**DATASET CONTENT:**
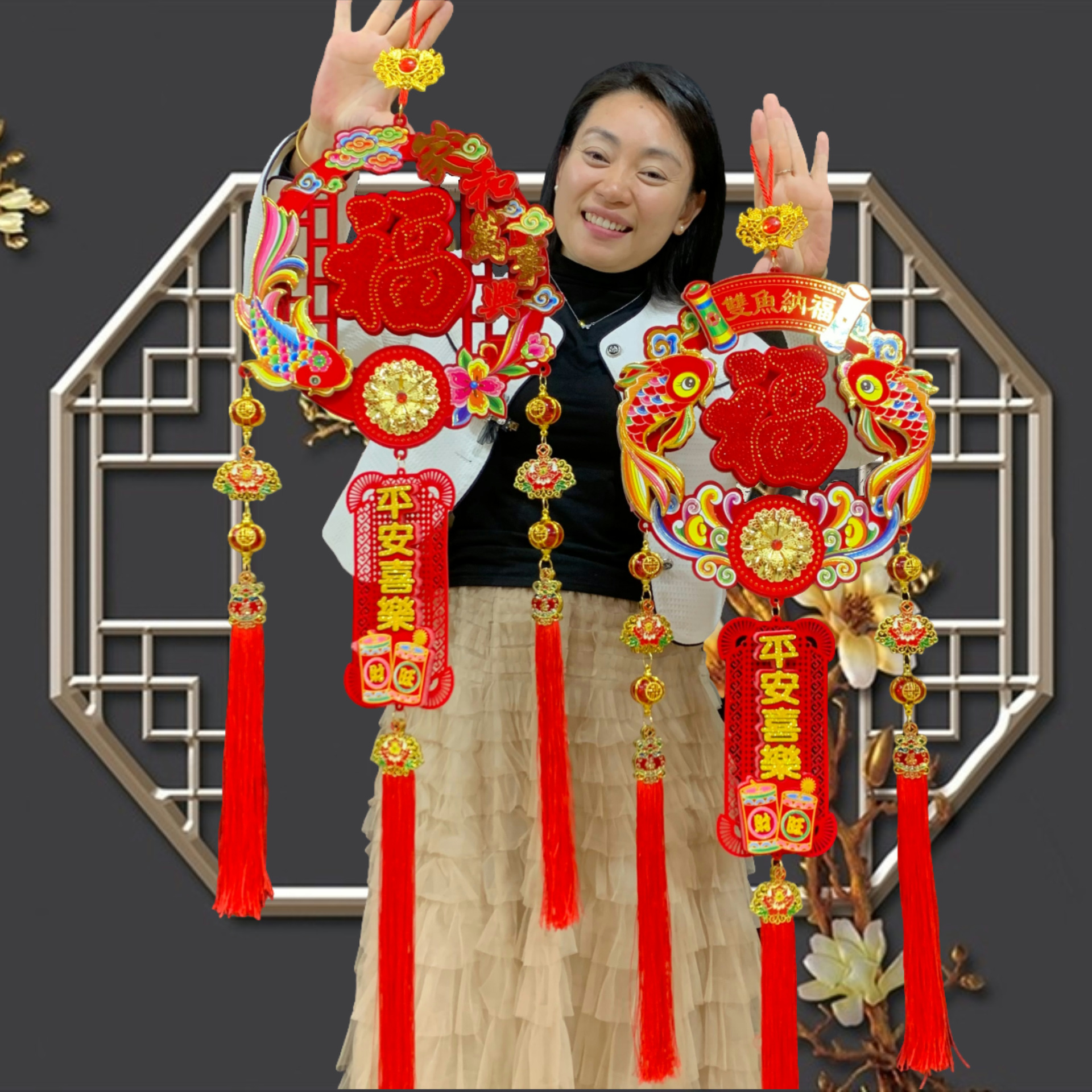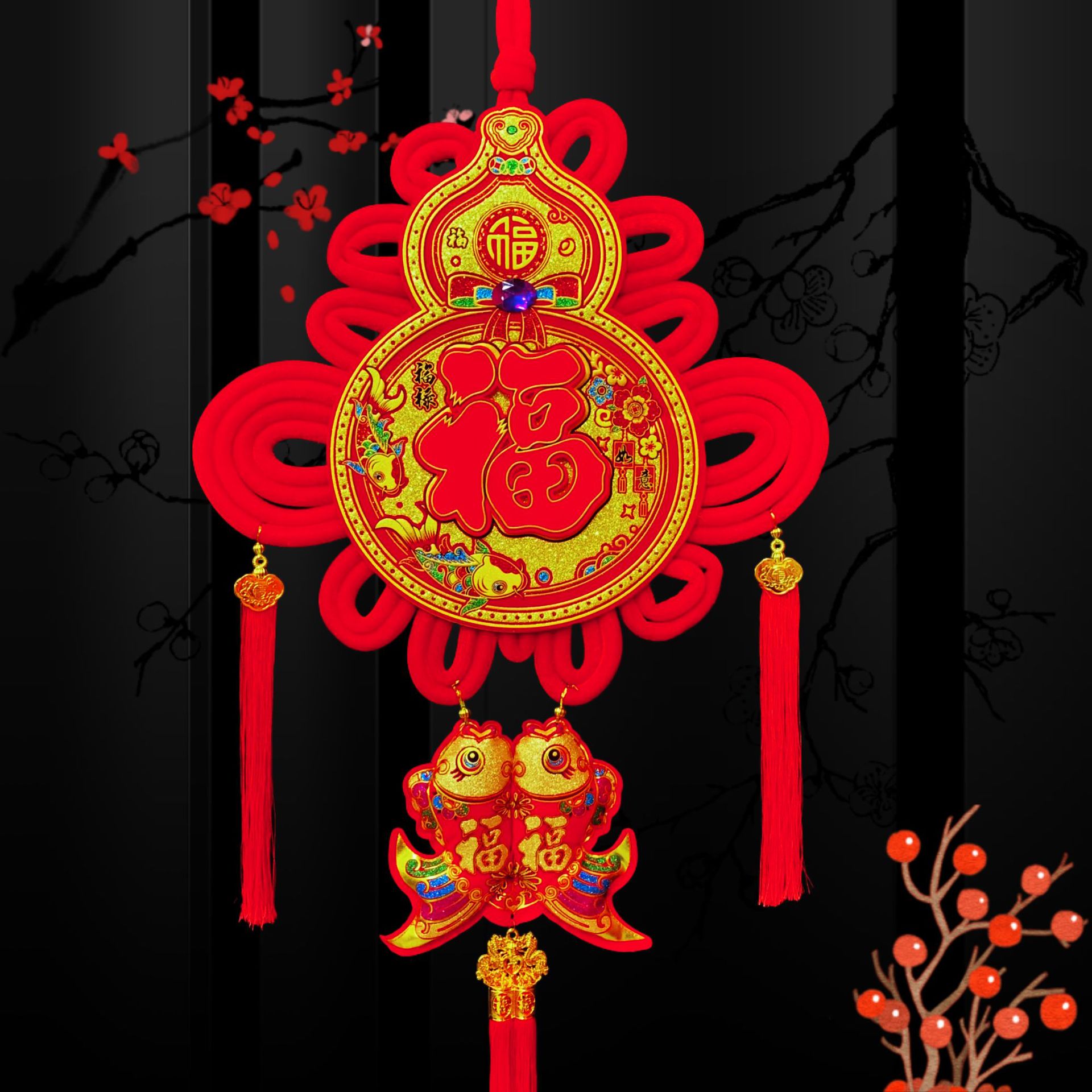 重工紅福熱ドリルストラップ家と万事興と双魚納新居喬迁の喜旧正月飾り
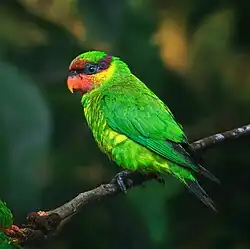 - ^ Collar, Nigel; Kirwan, Guy M.; Boesman, Peter F. D. (2021). "Mindanao Lorikeet (Saudareos johnstoniae),". Birds of the World Online. 1.1. Cornell Lab of Ornithology, Ithaca, NY. doi:10.2173/bow.minlor1.01.1. ISSN 2771-3105.
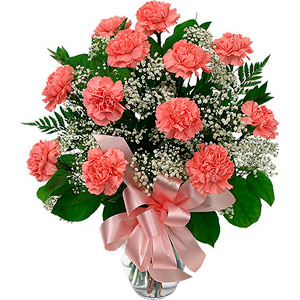 Pink Carnations. One dozen long lasting and popular pink carnations with added baby's breath and greens, arranged in a glass vase with matching pink bow.
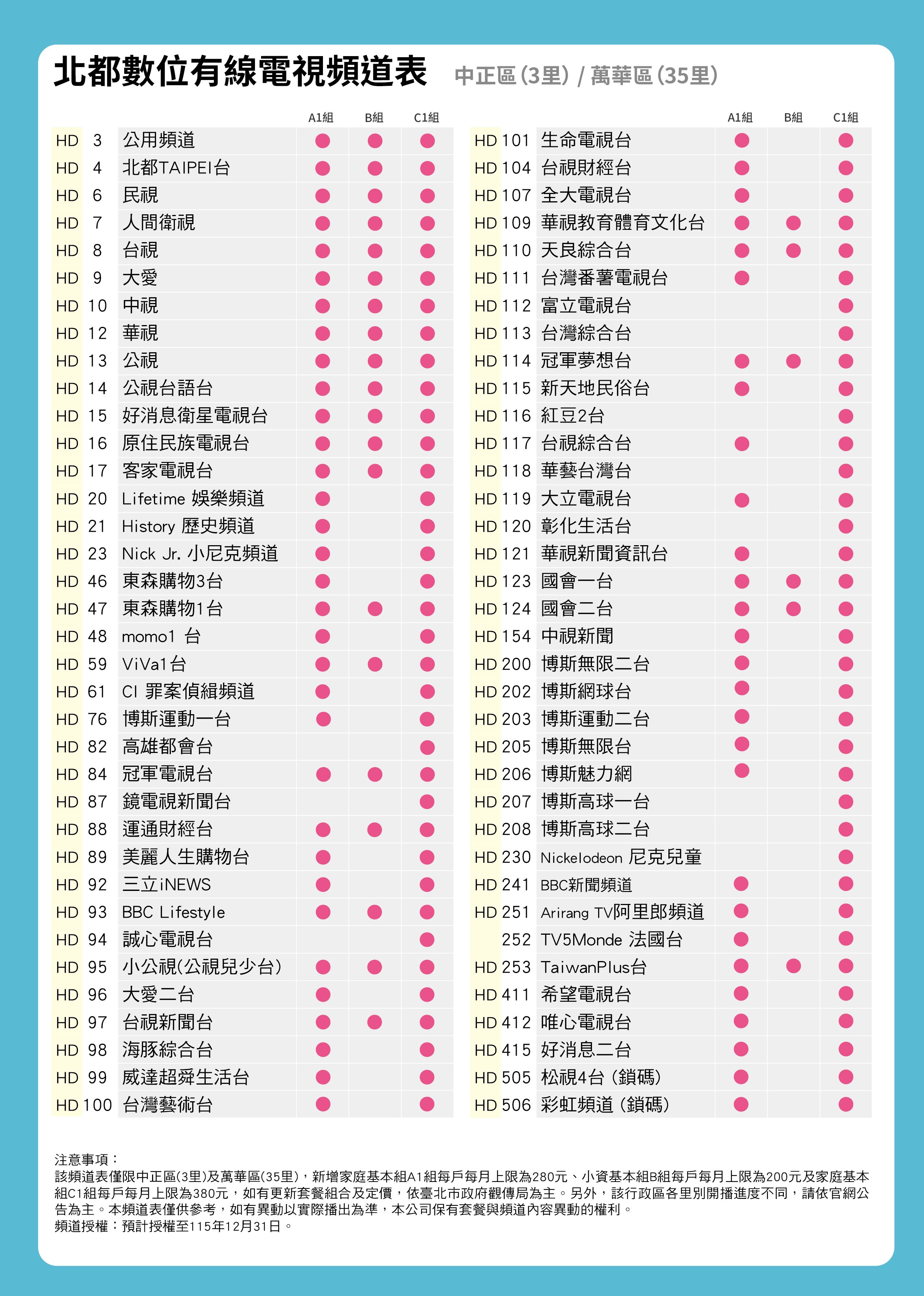 本公司113年7月至12月提供予中正區、萬華區等38里有線電視基本頻道A1、B、C1組收視費用如下:(一)基本頻道A1組(家庭基本組A1組)每月每戶收視費用上限280元。(二)基本頻道 B 組每月每戶收視費用上限200元。(三)基本頻道C1組(家庭基本組C1組)每月每戶收視費用上限380元。
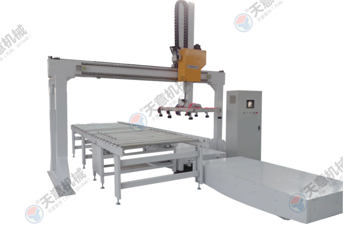 1.本機器適用于硅酸鈣板、水泥纖維板、玻鎂板、裝飾板等板式工件,配套連線作業時進行自動上料或下料。
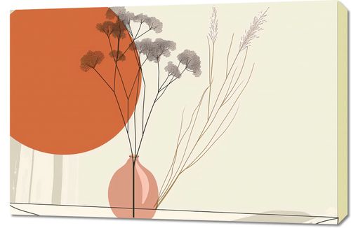 Obraz z serii boho zatytułowany Suszony Widok. Obraz ukazuje zgeometryzowane, stylizowane kwiaty suszonych roślin w wazonie na tle dużego, okrągłego słońca w ciepłych odcieniach pomarańczy i beżu. Kompozycja, w której dominują spokojne, jesiennie nastroje, łączy prostotę formy z bogactwem faktury. Obraz ten doskonale odnajdzie się w wnętrzach o prostym, lecz eleganckim wystroju, takich jak minimalistyczne salony, jadalnie czy hol. Idealnie wpasuje się w otoczenie zarówno nowoczesne, jak i te z nutą retro, wprowadzając ciepło i artystyczną, subtelność.
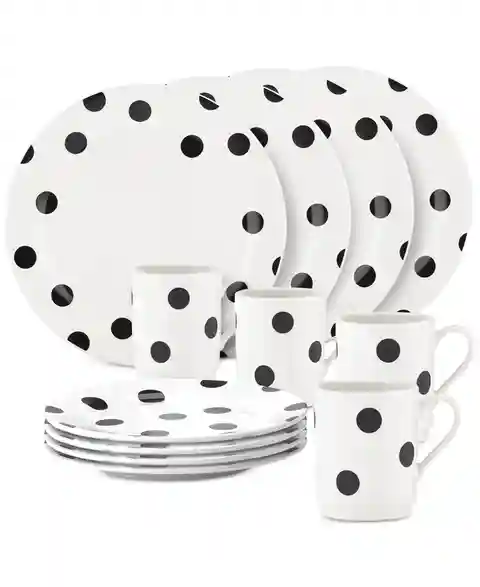 This 12-piece scatter dot dinnerware set from kate spade new york gives you everything you need to add fun to any meal. The service for four is made of durable stoneware that's dishwasher and microwave safe.
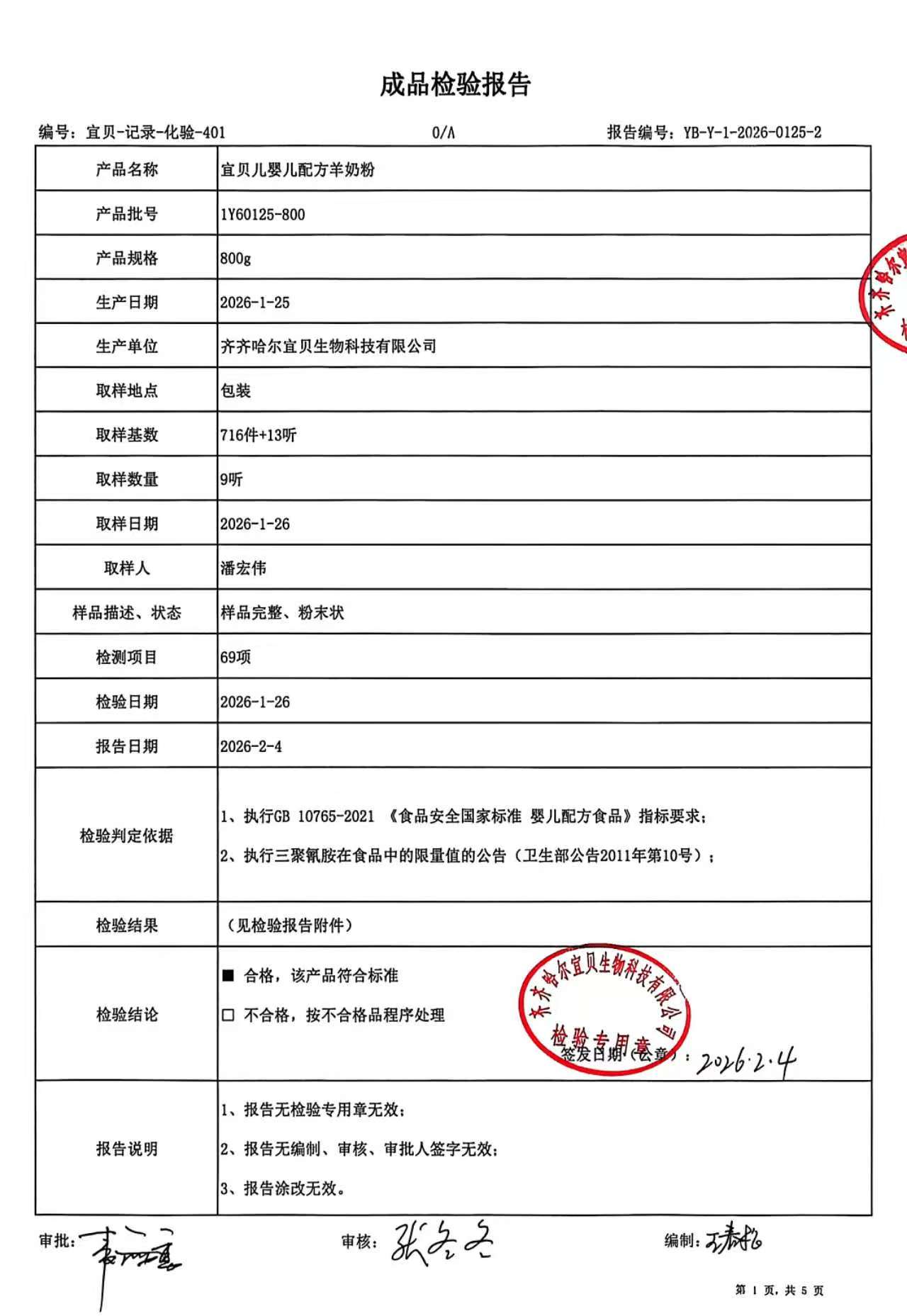 >1Y60125-800宜贝儿婴儿配方羊奶粉800g

**YOUR TASK:** Would you restate word for word each line from the one that holds "Obraz z serii" to the end of the material, both ends included, without the pictures?

**TASK SOLUTION:**
 Obraz z serii boho zatytułowany Suszony Widok. Obraz ukazuje zgeometryzowane, stylizowane kwiaty suszonych roślin w wazonie na tle dużego, okrągłego słońca w ciepłych odcieniach pomarańczy i beżu. Kompozycja, w której dominują spokojne, jesiennie nastroje, łączy prostotę formy z bogactwem faktury. Obraz ten doskonale odnajdzie się w wnętrzach o prostym, lecz eleganckim wystroju, takich jak minimalistyczne salony, jadalnie czy hol. Idealnie wpasuje się w otoczenie zarówno nowoczesne, jak i te z nutą retro, wprowadzając ciepło i artystyczną, subtelność.
 This 12-piece scatter dot dinnerware set from kate spade new york gives you everything you need to add fun to any meal. The service for four is made of durable stoneware that's dishwasher and microwave safe.
 >1Y60125-800宜贝儿婴儿配方羊奶粉800g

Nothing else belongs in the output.